ABITECH Analysis · Nigeria trade Sentiment: -0.70 (negative) · 11/03/2026
Nigeria's recent tax reform agenda, championed by President Bola Tinubu's administration, presents a paradox that warrants careful scrutiny from European investors operating in West Africa's largest economy. While the government has positioned itself as reformist, implementation patterns suggest that politically connected sectors—particularly Lagos's informal transport and logistics networks—have enjoyed selective exemptions that undermine the stated universality of the tax regime.

The Lagos transport sector, historically dominated by informal cartels controlling everything from inter-city haulage to port logistics, operates in a complex regulatory grey zone. These networks, many with deep historical ties to political power structures, have traditionally operated outside formal taxation frameworks. When Tinubu's administration announced comprehensive tax reforms aimed at broadening the revenue base and modernizing Nigeria's fiscal infrastructure, expectations mounted that this informal economy would finally face integration into the formal system. Instead, emerging evidence suggests selective implementation has protected certain actors while creating compliance burdens for formal, foreign-backed competitors.

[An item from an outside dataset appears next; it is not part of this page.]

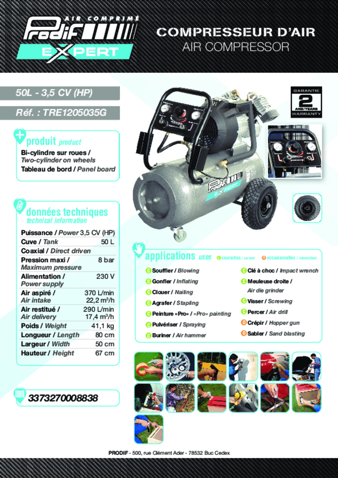 - Compresseur monophasé 50 L 8 Bar 3,5 CV

For European investors, this dynamic carries significant implications. Companies operating through formal structures—whether in logistics, distribution, or supply chain management—face increasingly stringent tax obligations while competing against informal actors enjoying de facto exemptions. This creates an uneven playing field that disadvantages compliant international operators and incentivizes regulatory arbitrage.

The broader context matters here. Nigeria's informal economy represents approximately 65% of GDP, and transport logistics remain substantially informal. The government's fiscal consolidation efforts, necessary given Nigeria's debt sustainability challenges, require revenue generation. However, politically expedient selective enforcement undermines both the reform's effectiveness and foreign investor confidence. When tax obligations appear discretionary based on political connections rather than universal application, institutional trust deteriorates.

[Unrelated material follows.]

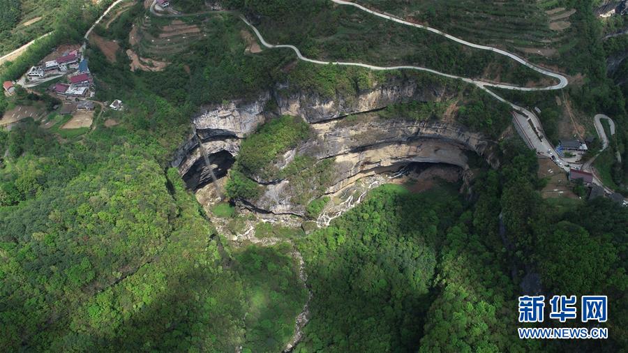 這是在陜西省漢中市寧強縣火石子村用無人機拍攝的地洞河天坑。位于陜西省漢中市寧強縣的地洞河天坑,是禪家?guī)r天坑群中規(guī)模最大的一處天坑,坑內分布有石鐘乳、石筍,具有極高的地質研究價值。新華社 張博文 攝

European investors should understand the mechanics at play. Lagos's transport cartels control critical infrastructure—port access, inter-state logistics corridors, and urban distribution networks. These actors possess significant political leverage, particularly at the state level where Governor Babajide Sanwo-Olu faces pressure to maintain social stability and employment. Exempting these networks from tax compliance represents a political choice prioritizing short-term stability over long-term fiscal health.

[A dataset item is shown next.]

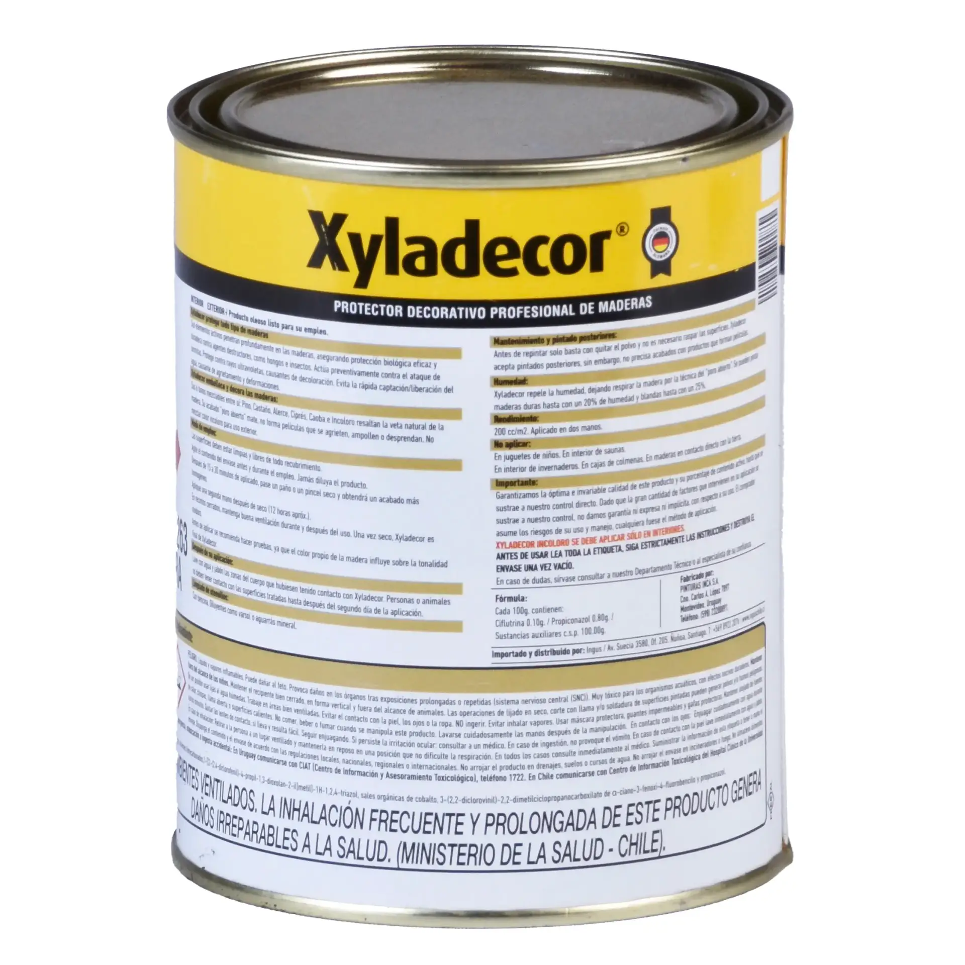 Base solvente, alta protección contra filtro UV y humedad, fungicida (protección contra hongos u otros), no se diluye, no requiere lijado para mantención, no se descascara ni se craquéela, ideal aplicación con brocha, disponibilidad para 120 colores a elección.

This creates specific risks for European operators: (1) Compliance costs disadvantage legitimate businesses, eroding competitive margins; (2) Regulatory uncertainty persists—exemptions could be reversed suddenly, creating retroactive liability exposure; (3) Supply chain fragmentation may increase as informal competitors undercut formal pricing; and (4) Reputational exposure exists if international firms are perceived as subsidizing informal economies through tax burden concentration.

However, opportunities exist for strategic positioning. European investors with patient capital and understanding of political economy can structure operations to navigate these dynamics. Technology-enabled logistics solutions, for instance, could formalize portions of the transport sector while maintaining compatibility with existing networks. Public-Private Partnership models with government backing could provide regulatory certainty and competitive protection.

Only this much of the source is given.